WORK TO BE COMPLETED
What is needed is an exact repeat of the lines from the one holding "If you are installing" through the final line of the data, with no pictures.

DATASET SECTION
※

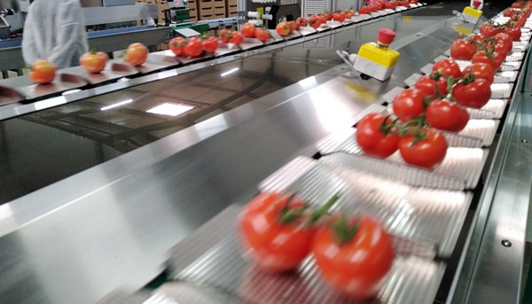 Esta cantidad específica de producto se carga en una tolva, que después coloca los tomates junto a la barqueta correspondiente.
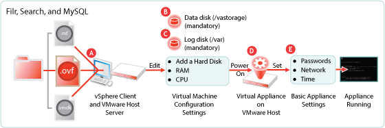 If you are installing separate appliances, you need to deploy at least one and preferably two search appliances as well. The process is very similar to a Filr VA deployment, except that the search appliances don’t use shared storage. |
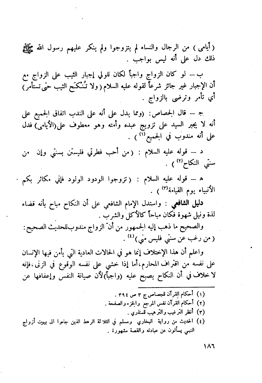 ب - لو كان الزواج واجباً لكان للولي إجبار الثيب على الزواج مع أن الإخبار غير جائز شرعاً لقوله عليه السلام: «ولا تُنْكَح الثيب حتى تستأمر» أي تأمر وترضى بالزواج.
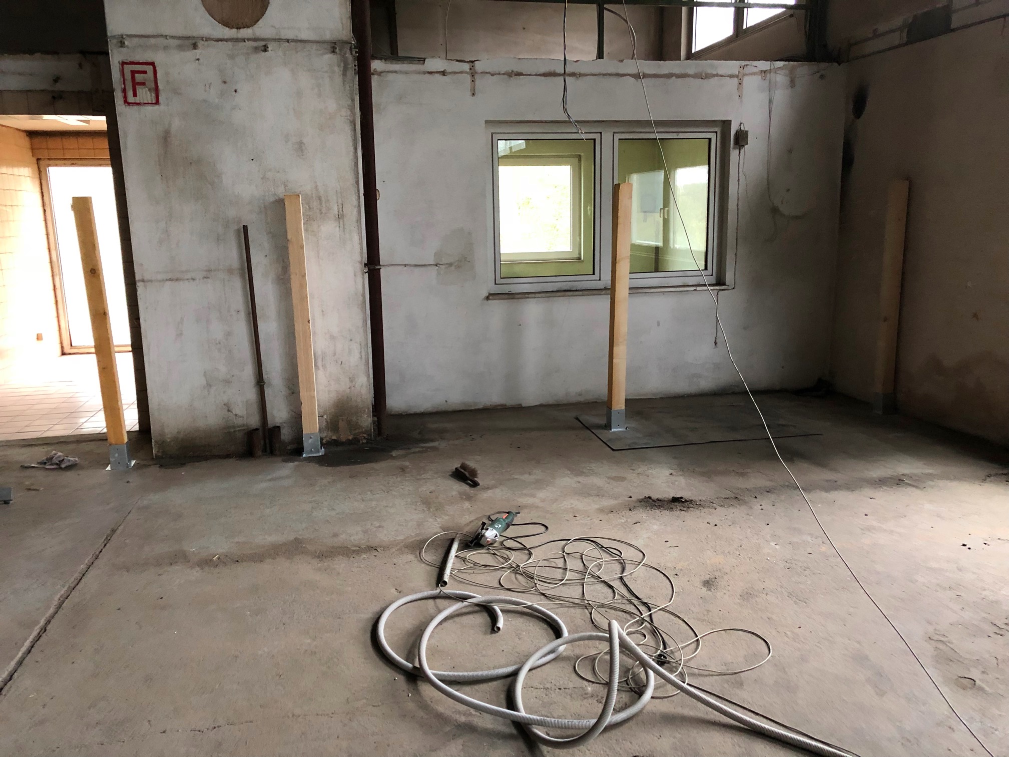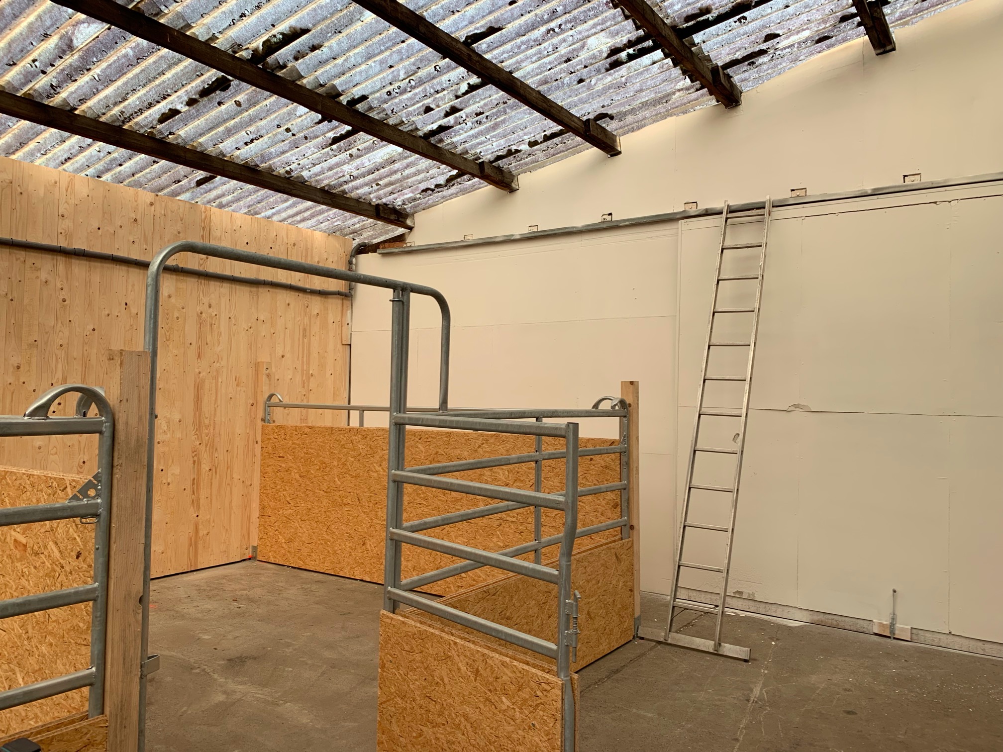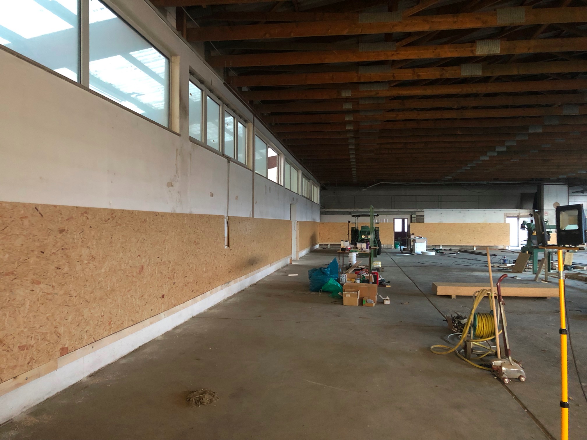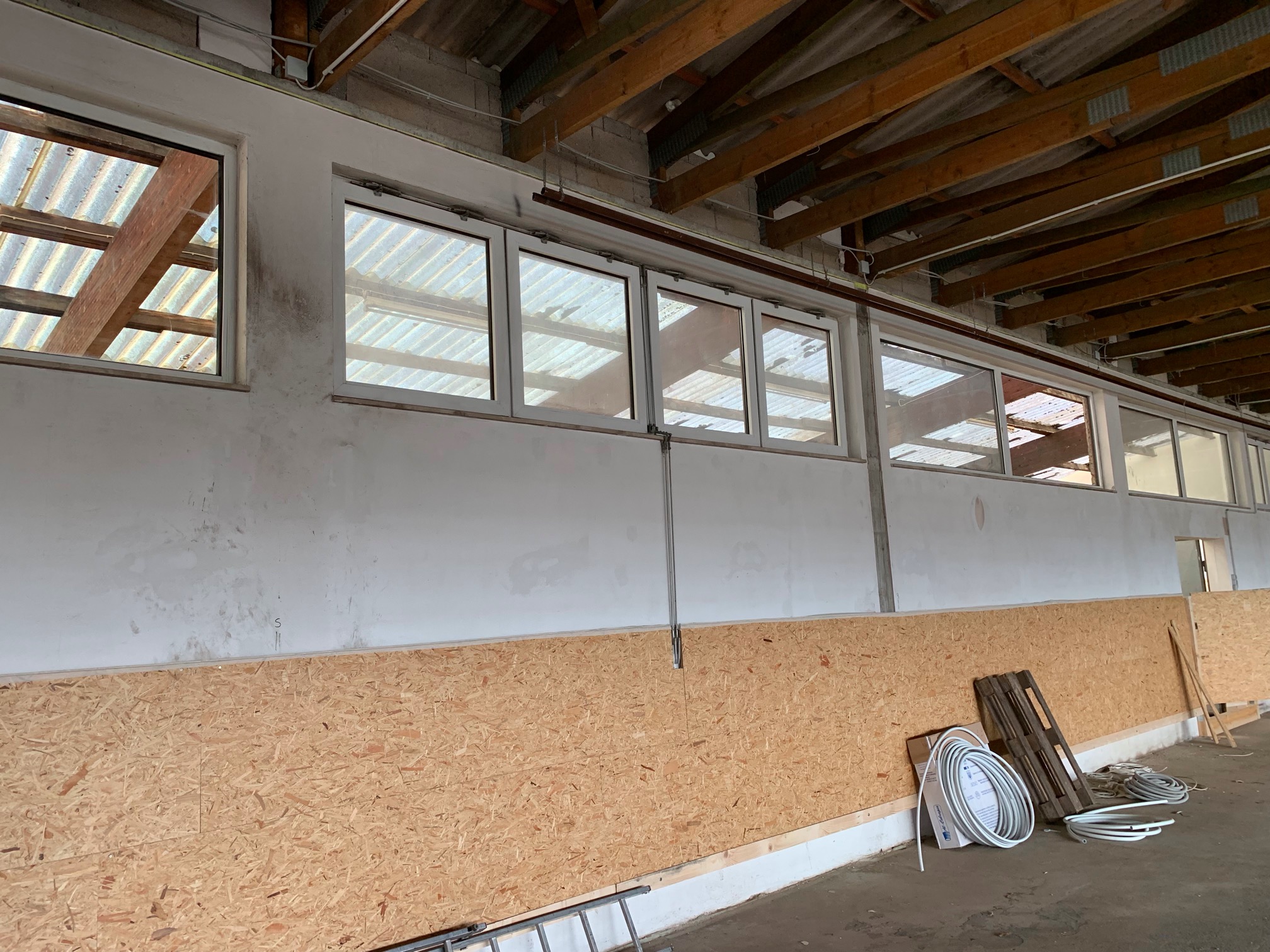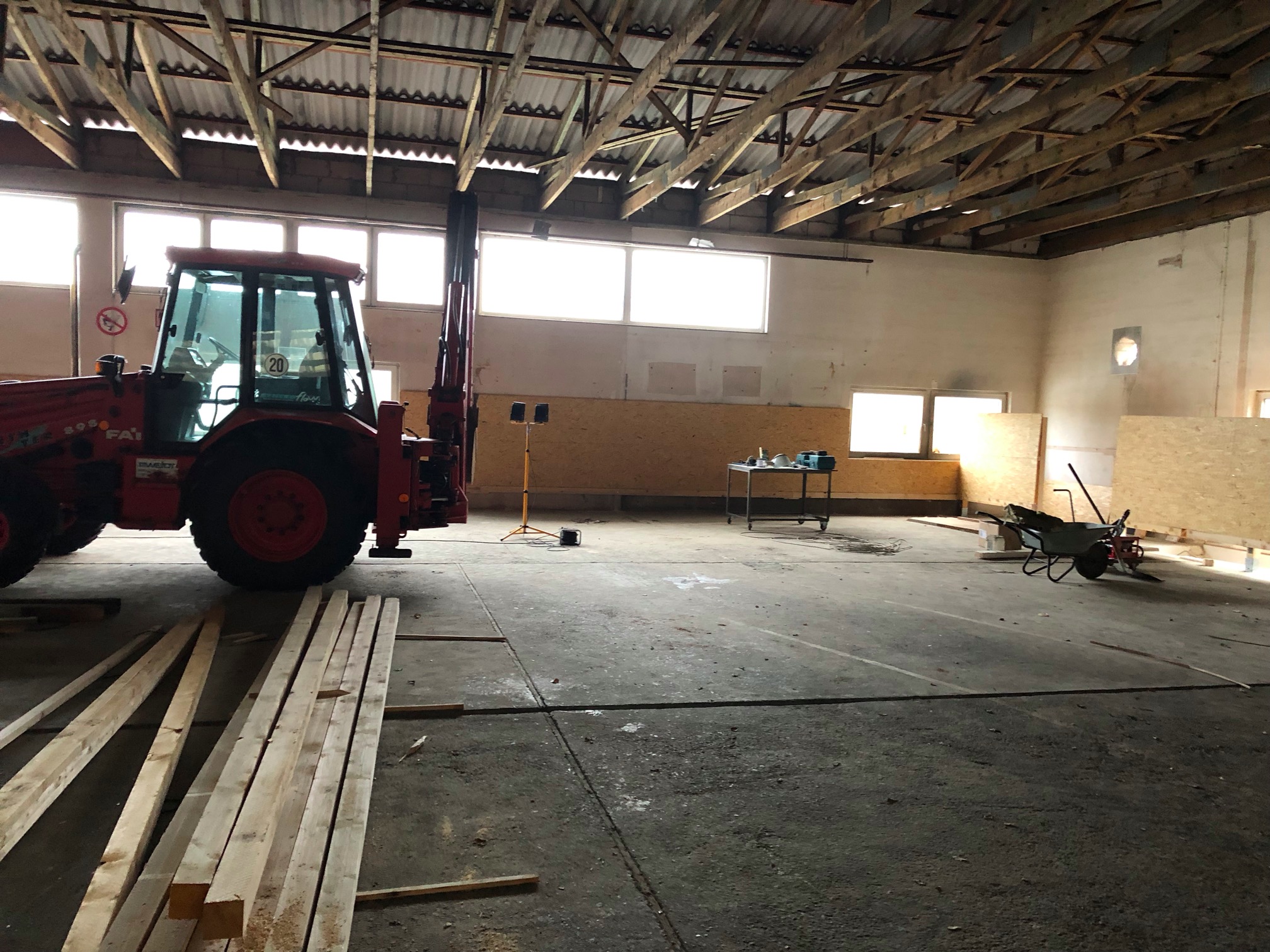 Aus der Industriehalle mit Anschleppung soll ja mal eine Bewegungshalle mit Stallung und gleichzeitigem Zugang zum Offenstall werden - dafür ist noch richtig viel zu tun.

※

ANSWER SECTION
 If you are installing separate appliances, you need to deploy at least one and preferably two search appliances as well. The process is very similar to a Filr VA deployment, except that the search appliances don’t use shared storage. |
 ب - لو كان الزواج واجباً لكان للولي إجبار الثيب على الزواج مع أن الإخبار غير جائز شرعاً لقوله عليه السلام: «ولا تُنْكَح الثيب حتى تستأمر» أي تأمر وترضى بالزواج.
 Aus der Industriehalle mit Anschleppung soll ja mal eine Bewegungshalle mit Stallung und gleichzeitigem Zugang zum Offenstall werden - dafür ist noch richtig viel zu tun.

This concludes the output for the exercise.